Wissenschaftliche Abhandlungen, 1878

JOHANNES KEPLER developed the scientific principles of the camera and its use in astronomy.

But Porta showed himself a real showman by his final word—describing how hunting, battles and other illusions may be made to appear in a room. Here artificial objects and painted scenes were substituted for the natural outdoors as the pictures for the room camera in a method originally suggested by Alberti. Porta said, “Nothing can be more pleasing for important people, dilettants and connoisseurs to behold.”—An early premiere audience of invited guests!

Porta recommended the use of miniature models of animals and natural scenes, the first stage sets for “motion pictures,” with puppet-like characters. He wrote, “Those present in the show-room will behold the trees, animals, hunters and other objects without knowing whether they are true or only illusions.” Porta revealed that he had put on shows of this kind many times for his friends and the illusions of reality were so good that the delighted audience could scarcely be told how the effects were achieved. He also told how the audience could be terrified.

Porta concluded this account with a description of how to use the camera in order to observe an eclipse, something which Bacon or one of his contemporaries had already worked out. Before good instruments were developed, the room camera was an excellent device to save the astronomer’s eyesight and still give him a good view of an eclipse.

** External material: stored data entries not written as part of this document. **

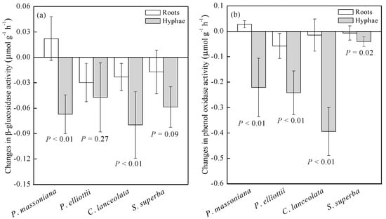 Changes in β-glucosidase (a) and phenol oxidase (b) activities induced by the presence of living roots (Roots) and mycorrhizal hyphae (Hyphae). p-values were obtained from linear mixed models conducted separately for each tree species, which were performed to analyze whether living roots significantly differed from mycorrhizal fungi in their effects on enzyme activities. Error bars represent 95% confidence intervals (CIs). When 95% CIs do not overlap with y = 0, the presence of living roots or mycorrhizal fungi significantly affects enzyme activities.
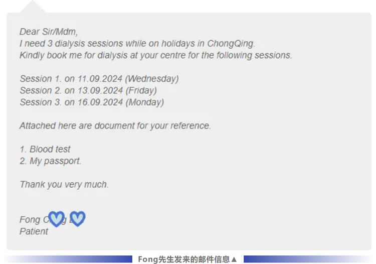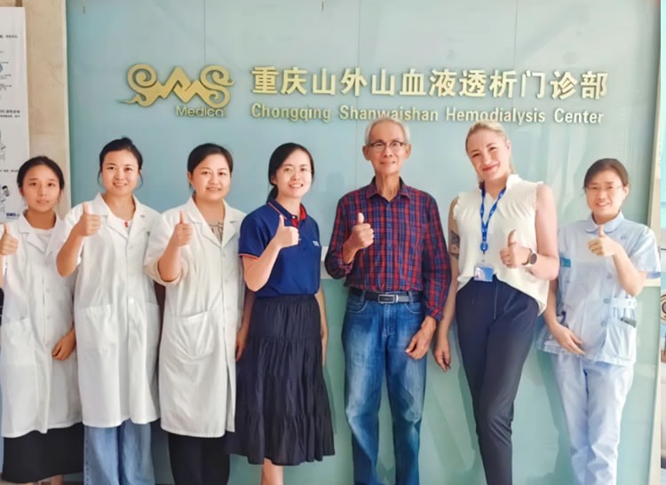 据了解,Fong先生今年69岁,接受透析治疗已有10年。作为一名旅游爱好者,他本次不远千里前来中国,只为领略山城重庆的独特魅力,但如何定期进行透析治疗却成了难题。通过网上搜索以及海外肾友圈分享的口碑了解到山外山公司及其血液透析中心后,立马联系了山外山国际部的工作人员,最终确定在尊龙凯时血液透析门诊部开展一周3次的透析治疗。
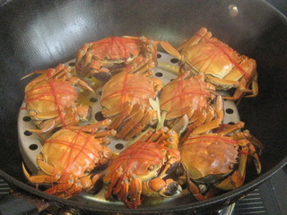 3.锅里加适量清水,加些料酒,把螃蟹放到蒸屉上,撒上一些姜丝。
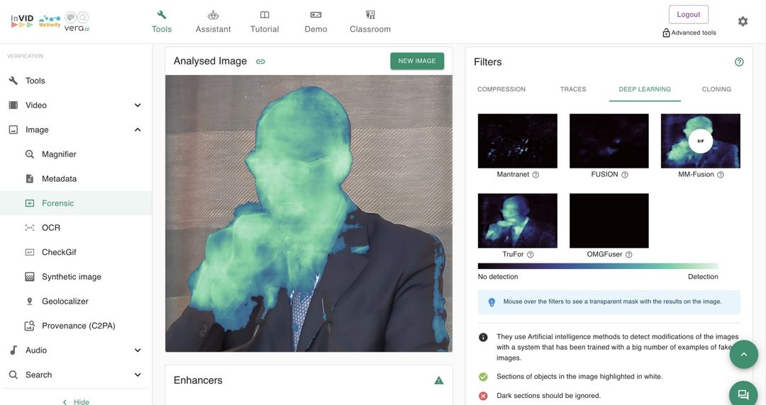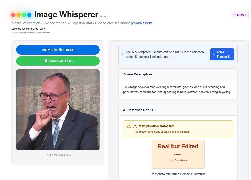 Denis Teyssou, Leiter der Innovationsabteilung für die Projekte InVID und WeVerify bei AFP, fand am 23. September 2025 mithilfe mehrerer KI-Erkennungstools ebenfalls Anzeichen dafür, dass das Bild manipuliert wurde. Das Projekt „vera.ai“ ist eine europäische Forschungs- und Innovationsinitiative, an der AFP Medialab beteiligt ist. „Wir prüfen derzeit noch, welche Modelle allen unseren fortgeschrittenen Nutzerinnen und Nutzern zur Verfügung gestellt werden sollen“, sagte Teyssou.
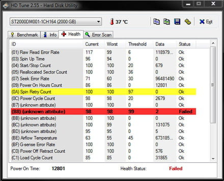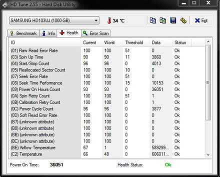 - Haz clic en Health para obtener información sobre el estado del disco duro seleccionado

The giant 200-inch telescope at Palomar in California is closely related to the original use of the camera for astronomical work.

There does not seem to be any evidence that Porta developed a portable camera, the direct ancestor of the modern photographic camera. He also did not appear to have much success with his lenses, as he found the concave mirrors as good as or better than a camera obscura with a lens.

The general subject of the chapter which included the camera was “Herein Are Propounded Burning Glasses” “and the Wonderful Sights to be Seen by Them.” (Recall Archimedes and his Burning Glasses.) Let Porta tell it: “What could be seen more wonderful, than that by reciprocal strokes of reflexion, images should appear outwardly hanging in the air and yet neither the visible object nor the glass seen? that they may seem not to be repercussions of the glasses, but spirits of vain phantasms.”

In a book on refraction, published in 1593, the eye and the camera obscura were compared by Porta. He also covered refraction, vision, the rainbow, prismatic colors (all subjects treated by the early experimenters in optics).

Porta had a great, though mixed, influence. Even in his own mind he did not seem able to decide whether the magic shadows should be used to deceive the public as effects of secret powers or whether they should be used for genuine entertainment and instruction.